Now let us examine the reasons why companies with Chinese origin seem to be facing the heat across the globe today.
To begin with, it appears fundamentally to be an issue of trade imbalance but there is something more that is seemingly causing a sense of mistrust. Companies like Huawei are already facing trouble in Australia, Britain, New Zealand, Poland and after the US news, the Czech republic is said to be planning to exclude it from a critical government tender.
India too had its own share of brush with Chinese hardware related mistrust that led to the initial set of regulations in license agreements with Telecom Service Providers (TSPs) being directed by the Department of Telecom. This asked for certifications and subsequent mandatory testing requirements on all hardware entering the telecom networks.
Let’s look at how important and critical is the threat and the reason for mistrust by governments around the world on one another.

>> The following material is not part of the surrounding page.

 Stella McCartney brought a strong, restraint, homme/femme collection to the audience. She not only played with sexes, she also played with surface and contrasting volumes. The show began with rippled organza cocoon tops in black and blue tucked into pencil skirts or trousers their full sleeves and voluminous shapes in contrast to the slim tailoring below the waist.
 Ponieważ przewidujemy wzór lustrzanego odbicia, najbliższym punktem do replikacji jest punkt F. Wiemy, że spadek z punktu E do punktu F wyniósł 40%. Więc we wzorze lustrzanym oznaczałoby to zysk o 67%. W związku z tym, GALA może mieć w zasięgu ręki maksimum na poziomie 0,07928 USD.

According to a paper titled "Stealing Thunder" by European Centre for International Political Economy (ECIPE), Europe is securing personal information with all its might, but business information like ongoing contract negotiations, customer and marketing data, product designs and R&D run the risk of hacking. Within five years, an entire connected business can be copy-pasted, stolen and handed over to a competitor by even a government-sponsored hacking group.
The paper states that while all governments may spy in some form or the other, a few do so to hand over the information to their industry. Since the East India Company of the sixteenth century, the collusion between power and commerce has always been a fact of life – and Internet is just a new chapter in that story.

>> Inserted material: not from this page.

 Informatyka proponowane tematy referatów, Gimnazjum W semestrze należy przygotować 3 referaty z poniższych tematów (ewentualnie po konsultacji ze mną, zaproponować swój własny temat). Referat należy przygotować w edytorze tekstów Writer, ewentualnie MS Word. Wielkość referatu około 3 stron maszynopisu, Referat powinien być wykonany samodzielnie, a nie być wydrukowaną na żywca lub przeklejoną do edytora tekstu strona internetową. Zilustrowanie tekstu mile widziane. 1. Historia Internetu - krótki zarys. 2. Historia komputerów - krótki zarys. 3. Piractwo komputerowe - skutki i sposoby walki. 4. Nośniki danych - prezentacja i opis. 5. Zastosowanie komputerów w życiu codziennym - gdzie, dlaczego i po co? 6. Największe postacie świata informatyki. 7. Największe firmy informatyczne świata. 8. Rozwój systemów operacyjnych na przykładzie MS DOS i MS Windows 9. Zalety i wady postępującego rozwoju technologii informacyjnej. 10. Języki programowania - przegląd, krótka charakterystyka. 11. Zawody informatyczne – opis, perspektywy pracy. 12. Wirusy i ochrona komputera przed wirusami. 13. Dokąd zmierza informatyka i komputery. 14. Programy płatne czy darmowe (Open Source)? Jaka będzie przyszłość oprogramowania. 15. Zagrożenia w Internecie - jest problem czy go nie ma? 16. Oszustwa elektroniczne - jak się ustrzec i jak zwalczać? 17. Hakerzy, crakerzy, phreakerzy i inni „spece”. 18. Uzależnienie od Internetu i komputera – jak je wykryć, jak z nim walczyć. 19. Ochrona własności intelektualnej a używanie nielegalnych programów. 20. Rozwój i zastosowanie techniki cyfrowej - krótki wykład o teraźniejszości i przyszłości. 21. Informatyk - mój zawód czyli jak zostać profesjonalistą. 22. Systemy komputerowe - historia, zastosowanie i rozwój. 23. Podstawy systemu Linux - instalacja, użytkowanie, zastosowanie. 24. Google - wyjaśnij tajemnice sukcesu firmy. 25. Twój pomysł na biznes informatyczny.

Chinese hardware companies have often been accused of having ties with the People’s Liberation Army and have been suspected to have undertaken industrial espionage on thousands of Western firms during 2009. The incident, called Operation Aurora in Western media, implied an unprecedented degree of state and business collusion and targeted relatively ordinary businesses (such as banking and chemicals) rather than military intelligence. According to the paper by ECIPE, it’s fair to say that all governments spy, albeit for different reasons, but only a few do so for commercial motives, to pass on the acquired knowledge to their own companies.

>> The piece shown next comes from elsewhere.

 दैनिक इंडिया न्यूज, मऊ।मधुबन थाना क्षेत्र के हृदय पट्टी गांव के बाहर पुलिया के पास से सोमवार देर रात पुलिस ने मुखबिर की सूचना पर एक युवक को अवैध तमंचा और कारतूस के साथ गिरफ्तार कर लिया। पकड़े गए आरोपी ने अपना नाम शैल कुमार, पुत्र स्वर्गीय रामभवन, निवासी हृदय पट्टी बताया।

APT10 - Operation Cloud Hopper
Since late 2016, PwC UK and BAE Systems have been assisting victims of a new cyber espionage campaign conducted by a China-based threat actor, widely known within the security community as ‘APT10’. The campaign, which is referred to as Operation Cloud Hopper, targeted managed IT service providers (MSPs), allowing APT10 unprecedented potential access to the intellectual property and sensitive data of those MSPs and their clients globally. A number of Japanese organisations have also been directly targeted in a separate, simultaneous campaign by the same actor.
PwC UK and BAE Systems assess that it is highly likely that APT10 is a China-based threat actor with a focus on espionage and wide ranging information collection. It has been in operation since at least 2009, and has evolved its targeting from an early focus on the US defence industrial base (DIB) and the technology and telecommunications sector, to a widespread compromise of multiple industries and sectors across the globe.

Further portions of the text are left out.